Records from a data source
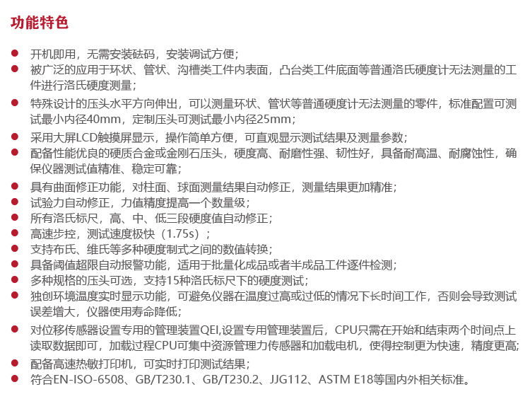 ?符合EN-ISO-6508、GB/T230.1、GB/T230.2、JJG112、ASTM E18等國內(nèi)外相關標準。
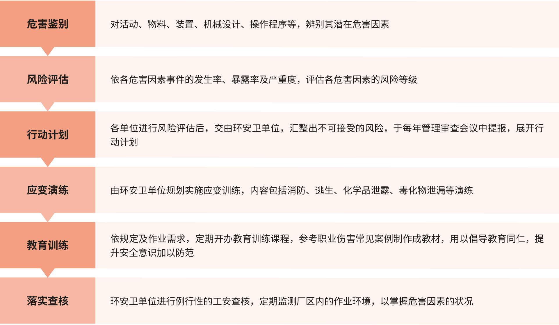 为有效预防职业灾害的发生,南州厂成立安全卫生管理单位,由专业人员负责安全卫生管理业务规划、推动、监督与查核等工作,借由辨识危害因素、评估危害风险、设定行动计划、紧急应变演练、强化教育训练与落实查核等程序,并设定职业安全卫生目标,定期追踪管理情形,降低工作环境危害风险。
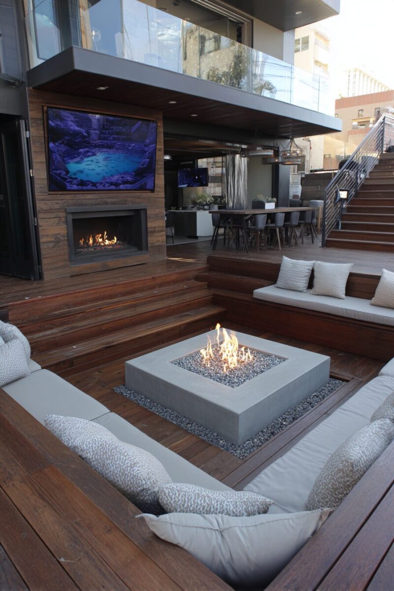 Transform your deck into the ultimate gathering spot with a built-in fire pit that becomes the heart of every outdoor celebration.
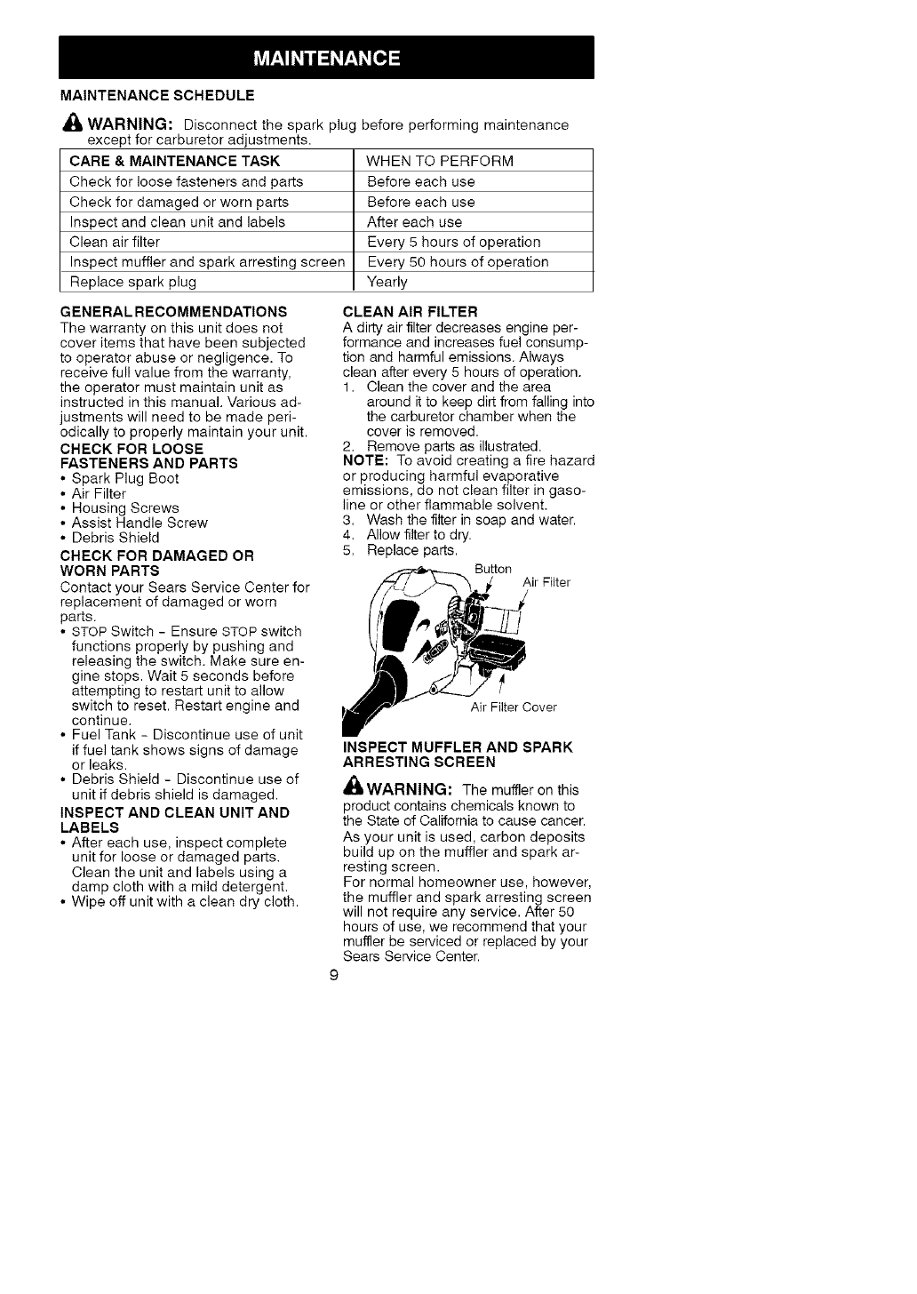 This warranty excludes cutting line, spark plug and air filter, which are expendable
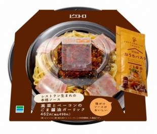 今回、同社とパスタ商品の共同開発を行い、同社の人気パスタソースである『おうちパスタ』(ボトル入り)の「ごま醤油ガーリック」「ペペロンチーノ」の小袋タイプを別添し、レンジで温めた商品に後がけすることにより、人気パスタチェーン店の本格的な味を、お手軽に楽しめる仕立てで発売をいたします。
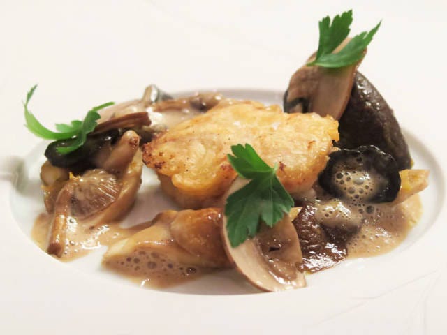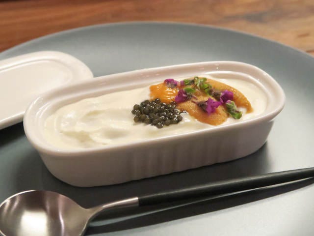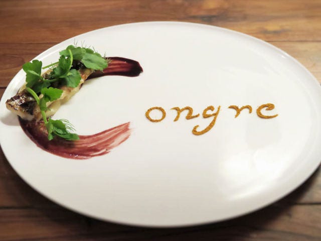 たとえば、季節の食材を使ったシェフおまかせコース(8,800円)では、最初にでてくる料理がなんと小さな缶詰だ。驚くなかれ、それは缶詰の形をした小さな陶器で、蓋を開けると中からアミューズブーシュが現れる。米ナス・信州サーモンのタルタル・心地良い酸味のクレームエペスが緻密に層をなし、その上に雲丹・キャビア・穂紫蘇が飾られた一品。小さなスプーンですくって一口、すべての食材の塩味・甘味・苦味・うま味・酸味が一体となって口内を支配し、食べ手の心を刺激する。見た目の可愛らしさだけではなく、その小さな缶詰の中にきちんと構成された料理としての完成度も高い。そして、兵庫県室津産の牡蠣のグラタンが岩塩の上で炎を上げたり、長崎県対馬の穴子を使った一皿では、穴子が一つのアルファベットとなって皿の上にCongre(フランス語で穴子)の文字が描かれていたりと、ちょっとした仕掛けなのだが、いちいち楽しませてくれる。
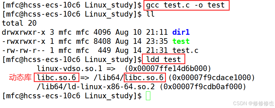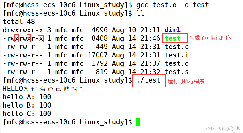 我们利用gcc来将test.o二进制文件和库连接,生成可执行程序test:
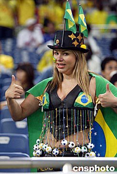 圖:巴西女球迷 2002年06月27日 16:49 ![]() 世界杯足球賽半決賽巴西隊(duì)對(duì)土耳其隊(duì)的比賽二十六日晚在日本琦玉縣世界杯體育場(chǎng)舉行,巴西隊(duì)以一比零取勝而進(jìn)入決賽。圖為現(xiàn)場(chǎng)助威的巴西球迷。作者:毛建軍
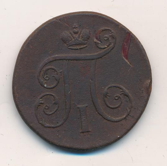 Лицевая сторона — вензель Павла I под короной, оборотная — номинал (1 копейка) и дата. Нормативный вес — 10,24 грамма, гурт — шнур.
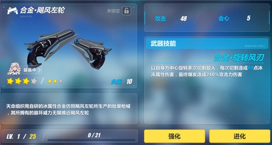 获取方式:降临关-天父MSR-07前两等级掉落 入手难易:★★★☆☆ 推荐度:★★★☆☆ 对于零氪玩家(即便是月卡党也能享受到充值福利送的月神枪)来说非常优质的一把过渡武器,虽然在未进化的情况下面板和任务赠送的武器相比会处于劣势,但胜在技能实用。即使在中距离发动攻击也能因为巨大的判定命中敌人,正好弥补了白练普通形态下的短板。而且8点负重对LV.20的玩家来说压力并不大,初始的攻击力即使不进化也足够让玩家撑到第2章关底。不要浪费挑战次数,早刷到早享受。 合金·飓风左轮
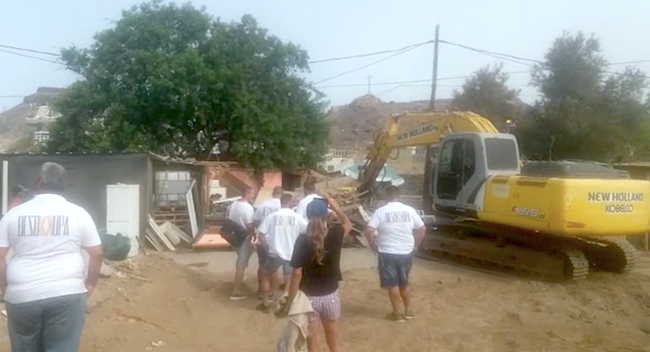 La empresa Desokupa, especializada, mediante la amedrentación, en el desalojo de viviendas, ha derribado esta semana varias chabolas situadas en la playa de Tauro, en concreto en la zona trasera del restaurante Vistamar.
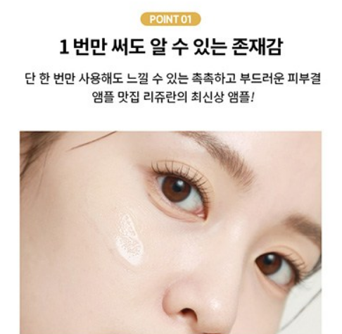 앰플 맛집 리쥬란의 최신상 앰플은 단 한 번만 사용해도 촉촉하고 부드러운 피부결을 느낄 수 있어요!
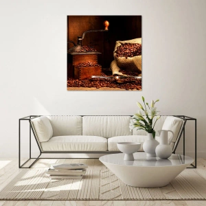 Compoziția din pictură aduce aminte de accesoriile tradiționale pentru cafea din trecut. Râșnița cu aspect clasic și sacul de iută naturală subliniază caracterul vintage. Detalii precum boabele de cafea împrăștiate adaugă dinamism și creează o atmosferă unică. Este combinația perfectă de simplitate și eleganță care va înviora orice spațiu.

WORK ITEM: Among the entries above, take the line with "たとえば、季節の食材を使った", the line with "获取方式:降临关-天父MSR-07前两等级掉落 入手难易:★★★☆☆ 推荐度:★★★☆☆", and all the lines between them, and restate them word for word without pictures.

OUTPUT FOR THIS EXERCISE:
 たとえば、季節の食材を使ったシェフおまかせコース(8,800円)では、最初にでてくる料理がなんと小さな缶詰だ。驚くなかれ、それは缶詰の形をした小さな陶器で、蓋を開けると中からアミューズブーシュが現れる。米ナス・信州サーモンのタルタル・心地良い酸味のクレームエペスが緻密に層をなし、その上に雲丹・キャビア・穂紫蘇が飾られた一品。小さなスプーンですくって一口、すべての食材の塩味・甘味・苦味・うま味・酸味が一体となって口内を支配し、食べ手の心を刺激する。見た目の可愛らしさだけではなく、その小さな缶詰の中にきちんと構成された料理としての完成度も高い。そして、兵庫県室津産の牡蠣のグラタンが岩塩の上で炎を上げたり、長崎県対馬の穴子を使った一皿では、穴子が一つのアルファベットとなって皿の上にCongre(フランス語で穴子)の文字が描かれていたりと、ちょっとした仕掛けなのだが、いちいち楽しませてくれる。
 我们利用gcc来将test.o二进制文件和库连接,生成可执行程序test:
 圖:巴西女球迷 2002年06月27日 16:49 ![]() 世界杯足球賽半決賽巴西隊(duì)對(duì)土耳其隊(duì)的比賽二十六日晚在日本琦玉縣世界杯體育場(chǎng)舉行,巴西隊(duì)以一比零取勝而進(jìn)入決賽。圖為現(xiàn)場(chǎng)助威的巴西球迷。作者:毛建軍
 Лицевая сторона — вензель Павла I под короной, оборотная — номинал (1 копейка) и дата. Нормативный вес — 10,24 грамма, гурт — шнур.
 获取方式:降临关-天父MSR-07前两等级掉落 入手难易:★★★☆☆ 推荐度:★★★☆☆ 对于零氪玩家(即便是月卡党也能享受到充值福利送的月神枪)来说非常优质的一把过渡武器,虽然在未进化的情况下面板和任务赠送的武器相比会处于劣势,但胜在技能实用。即使在中距离发动攻击也能因为巨大的判定命中敌人,正好弥补了白练普通形态下的短板。而且8点负重对LV.20的玩家来说压力并不大,初始的攻击力即使不进化也足够让玩家撑到第2章关底。不要浪费挑战次数,早刷到早享受。 合金·飓风左轮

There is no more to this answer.